Apricots, blackberries, blueberries, gooseberries, kiwi, loganberries, melons, nectarines, peaches, raspberries, redcurrants, strawberries, tomatoes.

Aubergine, beetroot, broad beans, broccoli, cabbage, carrots, courgettes, cucumber, French beans, garlic, lettuce, mange tout, new potatoes, peas, potatoes, radishes, rocket, runner beans, sage, spinach and water cress.

Clams, cod, crab, dover sole, haddock, halibut, herring, lamb, mackerel, monkfish, pike, plaice, rabbit, salmon, sardines, sea bass and scallops.

Focus on Strawberries…

Strawberries are rich in vitamin C. One serving contains about ½ your vitamin C requirements. They are high in the Antioxidants Lutein and Zeathacins which can help prevent cataracts. Ellagic Acid a Phytonutrient helps prevent collagen destruction. They also have an effect on inflammation levels and have known to be good for heart health. They are as well as being beneficial on inflammation levels, are a medium source of Potassium and can help with the reduction of LDL cholesterol.
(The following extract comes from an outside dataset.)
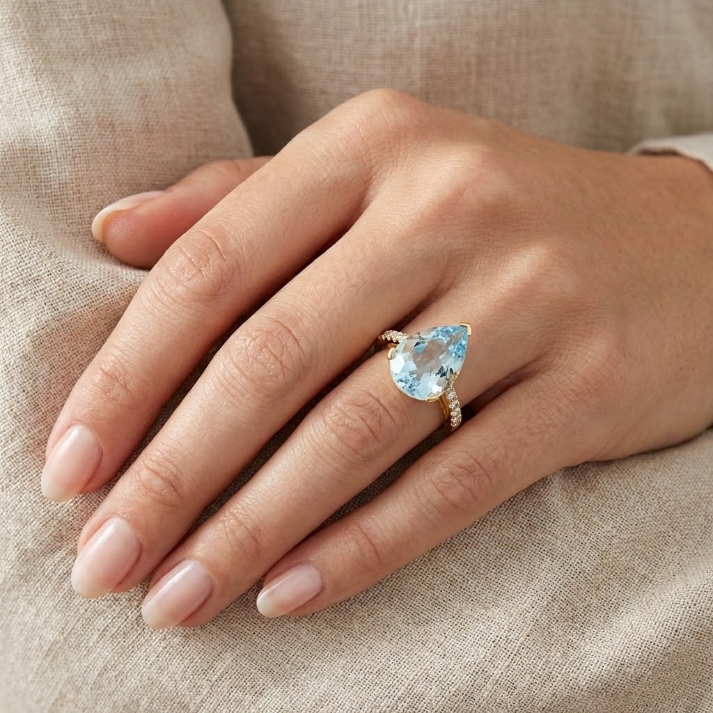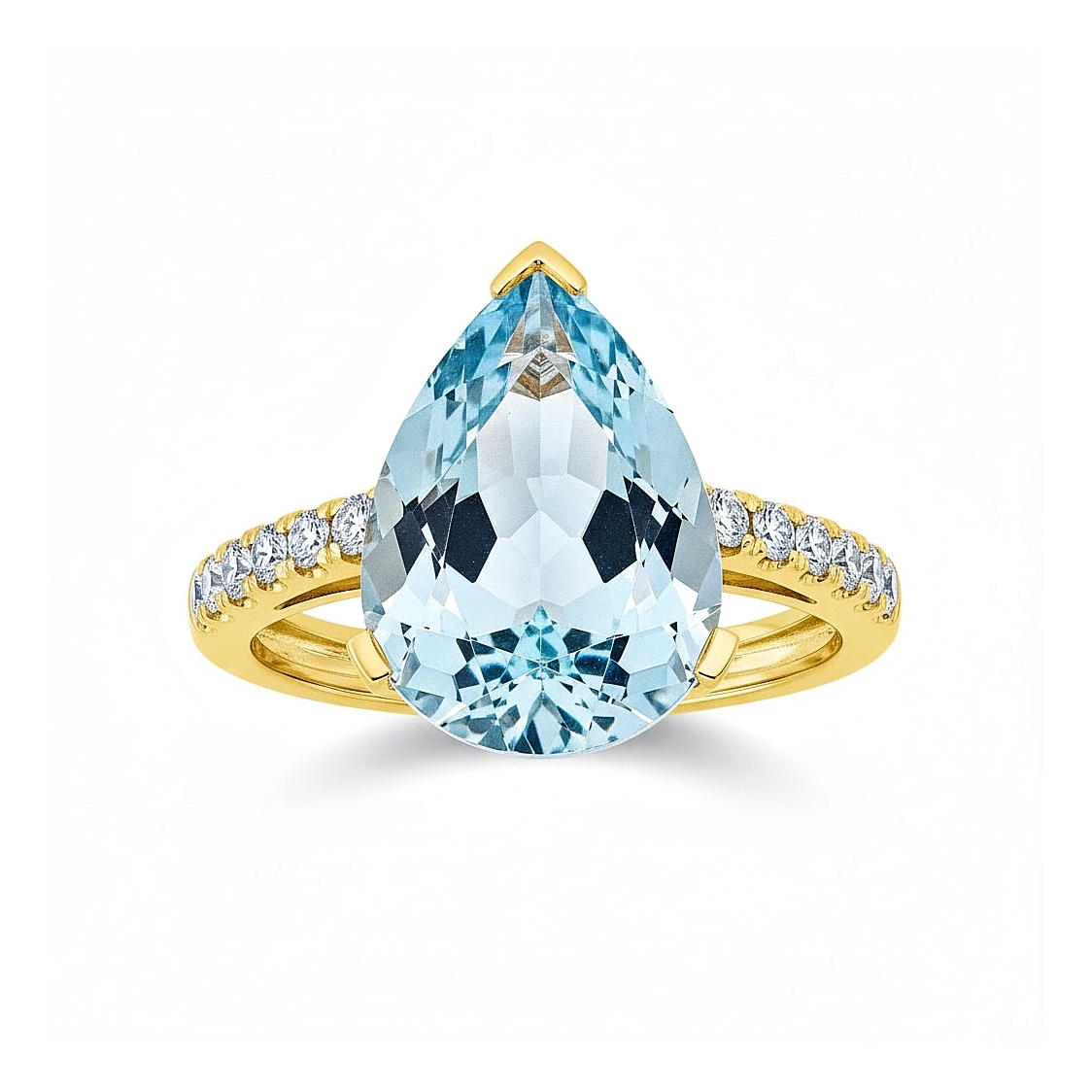 Δακτυλίδι σε χρυσό 18 καρατίων με Sky Blue Τοπάζι βάρους 6.70 ct σε εντυπωσιακή κοπή δάκρυ και 10 λαμπερά διαμάντια συνολικού βάρους 0.23ct, τοποθετημένα κομψά στη γάμπα του δαχτυλιδιού.
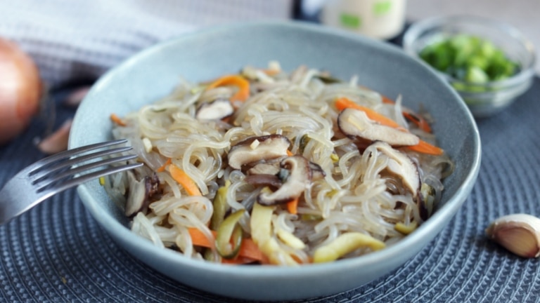 Mentre i noodles cuociono, scalda una padella capiente a fuoco medio-alto e aggiungi la cipolla e i funghi shiitake. Mescolare di tanto in tanto e cuocere fino a quando le cipolle e i funghi shiitake saranno morbidi e dorati, 5–8 minuti. Se necessario aggiungete un po’ d’acqua per evitare che brucino.

They are a good fibre source which is a great option for diabetics as fibre slows the release of sugar into the blood stream. It is also a folate source which is necessary for pregnant women.

Warmed Strawberry Crumpets.

Serves 2.

2 crumpets

50g fat free Greek Yoghurt

75g Strawberries, sliced

25g raspberries

25g blueberries

1 pinch of mixed spice powder

1 tsp. runny honey

Toast the crumpet.

Heat a non-stick pan and add the fruit with a sprinkle of spice and cook for a minute only. Toss until the fruit soft but not mushy.

Top the crumpet with the fruit, then the yoghurt and a drizzle of honey or Agave Syrup.